DistributedFractals is a command-line application for rendering fractals (e.g., Mandelbrot and Julia sets) using CPU-based parallelism with MPI. It enables high-resolution image generation across multiple processing units, making it suitable for both local and distributed rendering setups.
This project explores the intersection of fractal rendering and distributed computing using the Message Passing Interface (MPI). The main goals are:
- Efficiently generate complex fractal images using CPU parallelism.
- Provide flexibility via a command-line interface for full customization.
- High-resolution fractal rendering using MPI-based parallelism
- Implements a master/worker architecture:
- The master process generates a queue of image blocks (tasks).
- Workers pull tasks dynamically as they finish their current ones, ensuring better load balancing.
- Each block contributes to a portion of the final image.
- Support for Mandelbrot and Julia sets (extensible)
- Adjustable rendering parameters via CLI
- Interactive fractal exploration with zoom support
- Multiple output modes: save to disk or stream via network
⚠️ Note: This project currently supports Linux only. It relies on POSIX features and has not been tested on Windows or macOS.
- CMake >= 3.14
- MPI implementation (e.g., MPICH or OpenMPI)
sudo apt install openmpi-bin libopenmpi-dev openmpi-common
- C++17-compatible compiler
To compile the project:
mkdir build
cd build
cmake -DCMAKE_CXX_COMPILER=mpicxx -DCMAKE_BUILD_TYPE=Release -DCMAKE_CXX_FLAGS="-O3" ..
make
## To run the distributed version with 8 processes
mpirun -np 8 ./fractal_mpi
## This renders a Mandelbrot image using 4 processes and saves it to mandelbrot.png.

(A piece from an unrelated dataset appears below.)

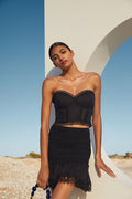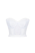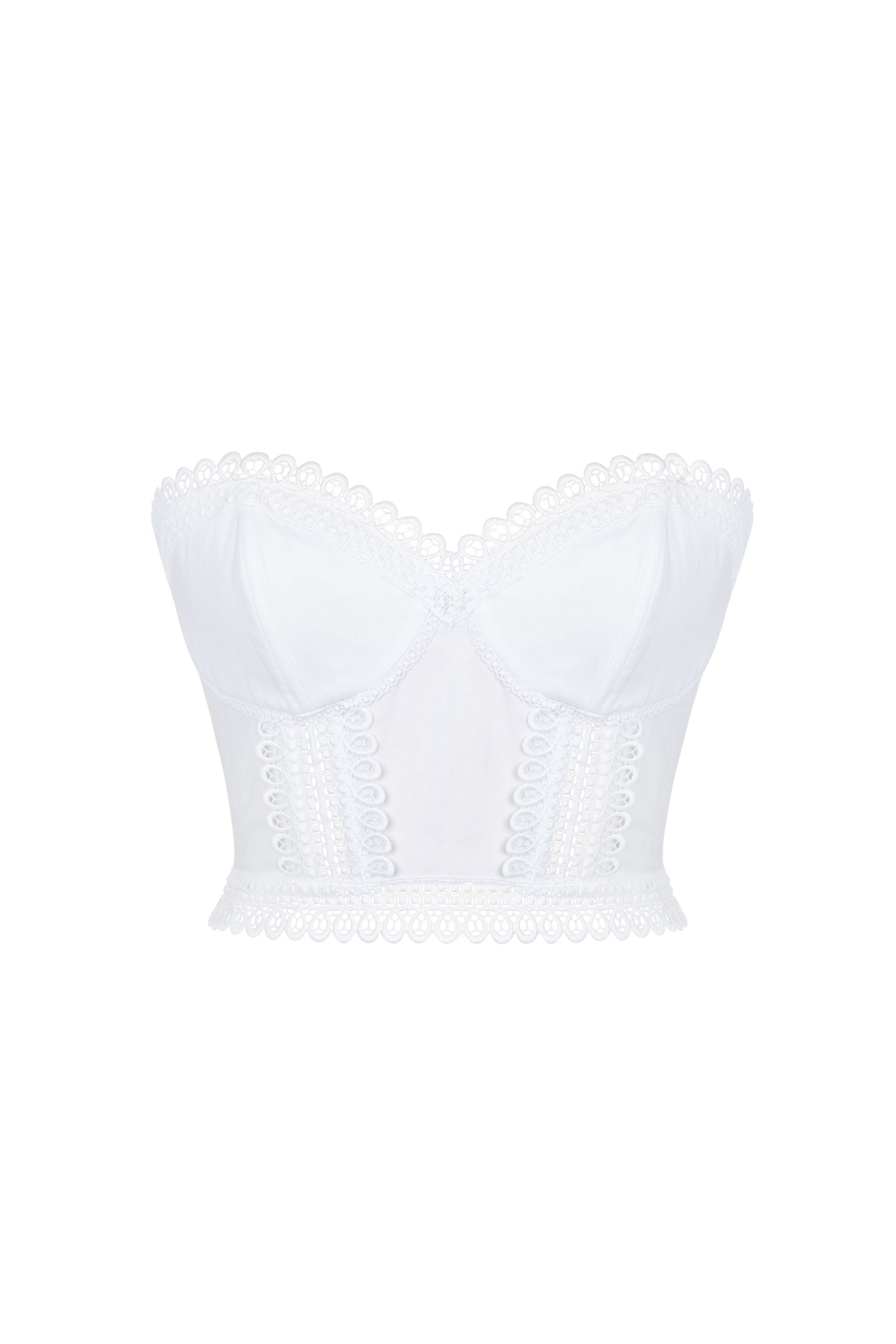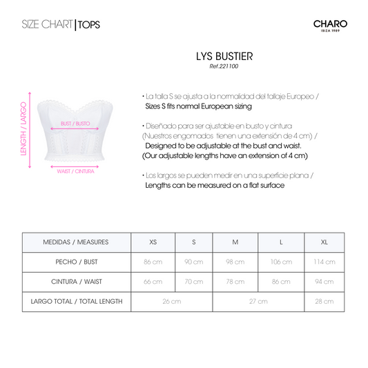 Nuestro bellísimo bustier Lys se antoja imprescindible para tus look de verano. Su favorecedor escote corazón adornado con guipures realza el pecho dibujando una silueta radiante. Su cuerpo estructurado confeccionado en Voile de algodón y guipur contornea el torso. Su espalda engomada se adapta a la perfección a tu figura consiguiendo un ajuste perfecto gracias a su cierre con cremallera lateral.

mpirun -np 4 ./fractal_mpi -w 1080 -h 720 -z 1 -cx -0.7 -cy 0.0 -i 64 -t 0 -s 4 -od mandelbrot.png
A non-MPI version is also available:
./sequential
To run the program on a cluster using MPI, follow these steps:
- Create a
hostfile
: This file should contain the IP addresses or hostnames of the cluster nodes, one per line. For example:
# hostfile
192.168.1.1
192.168.1.2
192.168.1.3
- Run the program with
mpirun
: Use the-hostfile
option to specify your custom hostfile:
mpirun -np 8 -hostfile hostfile ./fractal_mpi
After the image is generated, the program can output at the following modes:
- Disk: Stores the generated image in the specified output filepath
- Network: Connects to a remote server and sends the generated .png image buffer through TCP. Note that this involves a server. A simple implementation of this server is located at
src/scripts/image_server.py
Option(s) | Argument(s) | Description |
---|---|---|
-od , --output_disk |
[opt filename] |
Save output image to disk. Defaults to output.png . |
-on , --output_network |
[opt IP [opt port]] |
Send output image over TCP. Defaults to IP 0.0.0.0 , port 5001 . |
-w , --width |
<int> |
Image width in pixels. |
-h , --height |
<int> |
Image height in pixels. |
-s , --samples |
<int> |
Number of MSAA samples. Must be a perfect square number |
-b , --block_size |
<int> |
Size in pixels of the MPI image task. |
-z , --zoom |
<float> |
Zoom level of the camera. |
-cx , --camera_x |
<float> |
Camera X position. |
-cy , --camera_y |
<float> |
Camera Y position. |
-i , --iterations |
<int> |
Max iterations for fractal. |
-t , --type |
<int> |
Fractal type ID. |
--color_mode |
<int> |
Color mode type ID. |
--julia-cx |
<float> |
Real component of Julia set C constant. |
--julia-cy |
<float> |
Imaginary component of Julia set C constant. |
--quiet |
(none) | Disables all console messages. |
--help |
(none) | Show this help message. |
A simple interactive visualizer is also included, built using Python and Pygame. This viewer allows users to explore the fractal image by zooming into selected regions. It accepts the same command-line arguments as the fractal renderer and passes them directly to the compiled executable. Therefore, make sure the renderer has already been built before running the visualizer.
Creating python virtual environment
cd src/scripts
python3 -m venv .venv
source .venv/bin/activate
Installing pygame
pip install pygame
python3 ./interactive_visualizer.py
You can also specify the number of mpi processors with argument --np <x>
and the rendering executable path --executable_path <path>
.
This project also includes a simple video renderer script that generates a sequence of frames to create a video. It repeatedly executes the compiled binary while interpolating the camera position and zoom level across frames.
For the initial version of this project, a detailed whitepaper was created that delves into the implementation intricacies, emphasizing experimentation and the parallel programming architecture behind it. You can access the whitepaper in its dedicated repository, available under the releases section.